DESCRIPTION OF THE TASK:
Would you output all the lines below precisely as they stand, leaving each picture out?

BEGIN THE DATA

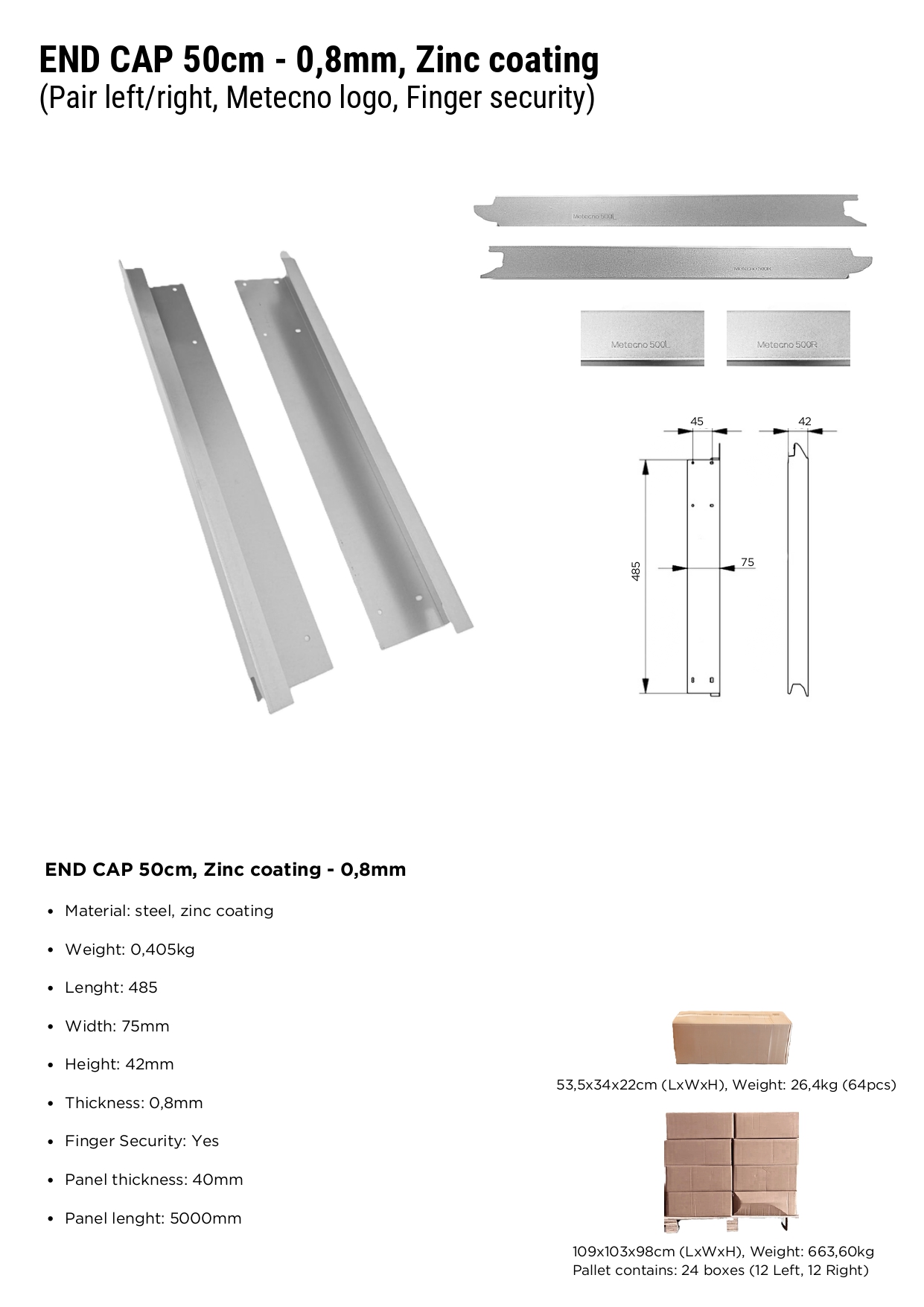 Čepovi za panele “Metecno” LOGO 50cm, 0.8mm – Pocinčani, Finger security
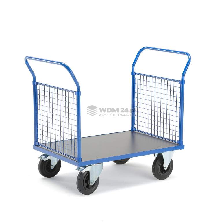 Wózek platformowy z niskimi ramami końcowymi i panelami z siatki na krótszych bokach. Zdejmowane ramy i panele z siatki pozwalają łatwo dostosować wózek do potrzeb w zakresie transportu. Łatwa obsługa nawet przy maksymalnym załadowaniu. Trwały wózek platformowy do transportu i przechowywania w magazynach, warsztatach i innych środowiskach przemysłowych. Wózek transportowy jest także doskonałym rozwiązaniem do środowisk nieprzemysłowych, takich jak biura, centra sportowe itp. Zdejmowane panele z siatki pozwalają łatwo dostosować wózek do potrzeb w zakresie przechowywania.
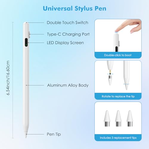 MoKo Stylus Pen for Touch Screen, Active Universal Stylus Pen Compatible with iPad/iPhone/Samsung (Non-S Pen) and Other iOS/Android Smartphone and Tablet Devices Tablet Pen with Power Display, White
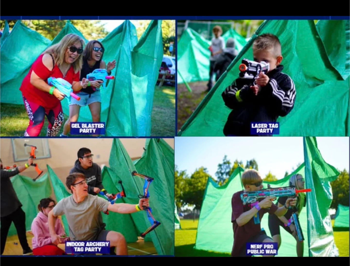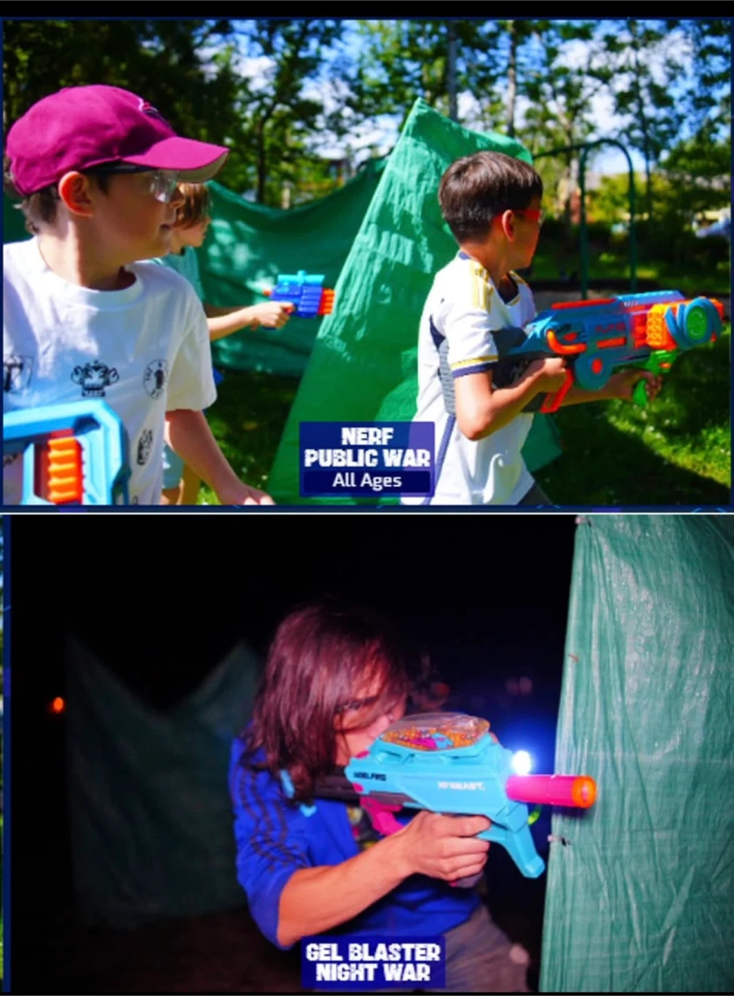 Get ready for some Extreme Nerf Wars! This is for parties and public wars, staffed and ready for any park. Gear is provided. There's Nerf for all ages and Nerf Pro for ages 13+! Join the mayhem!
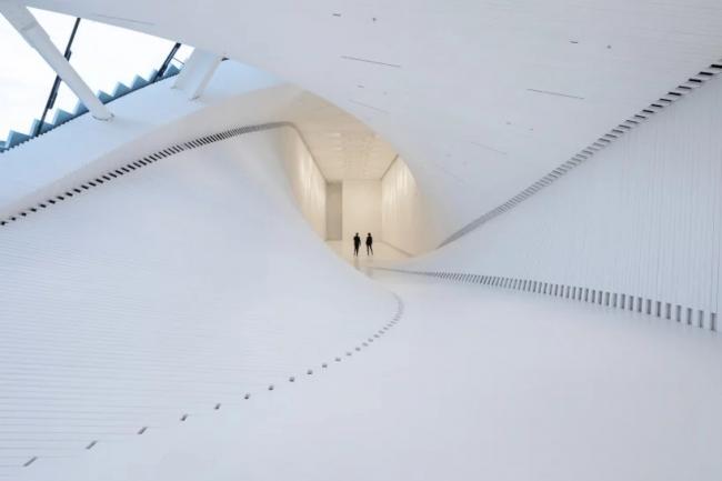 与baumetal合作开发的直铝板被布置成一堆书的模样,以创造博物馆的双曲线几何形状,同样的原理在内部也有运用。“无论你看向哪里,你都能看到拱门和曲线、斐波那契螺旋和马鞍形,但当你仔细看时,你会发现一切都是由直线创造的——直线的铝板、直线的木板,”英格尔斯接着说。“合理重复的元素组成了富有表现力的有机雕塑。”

END THE DATA

RESPONSE TO THIS EXERCISE:
 Čepovi za panele “Metecno” LOGO 50cm, 0.8mm – Pocinčani, Finger security
 Wózek platformowy z niskimi ramami końcowymi i panelami z siatki na krótszych bokach. Zdejmowane ramy i panele z siatki pozwalają łatwo dostosować wózek do potrzeb w zakresie transportu. Łatwa obsługa nawet przy maksymalnym załadowaniu. Trwały wózek platformowy do transportu i przechowywania w magazynach, warsztatach i innych środowiskach przemysłowych. Wózek transportowy jest także doskonałym rozwiązaniem do środowisk nieprzemysłowych, takich jak biura, centra sportowe itp. Zdejmowane panele z siatki pozwalają łatwo dostosować wózek do potrzeb w zakresie przechowywania.
 MoKo Stylus Pen for Touch Screen, Active Universal Stylus Pen Compatible with iPad/iPhone/Samsung (Non-S Pen) and Other iOS/Android Smartphone and Tablet Devices Tablet Pen with Power Display, White
 Get ready for some Extreme Nerf Wars! This is for parties and public wars, staffed and ready for any park. Gear is provided. There's Nerf for all ages and Nerf Pro for ages 13+! Join the mayhem!
 与baumetal合作开发的直铝板被布置成一堆书的模样,以创造博物馆的双曲线几何形状,同样的原理在内部也有运用。“无论你看向哪里,你都能看到拱门和曲线、斐波那契螺旋和马鞍形,但当你仔细看时,你会发现一切都是由直线创造的——直线的铝板、直线的木板,”英格尔斯接着说。“合理重复的元素组成了富有表现力的有机雕塑。”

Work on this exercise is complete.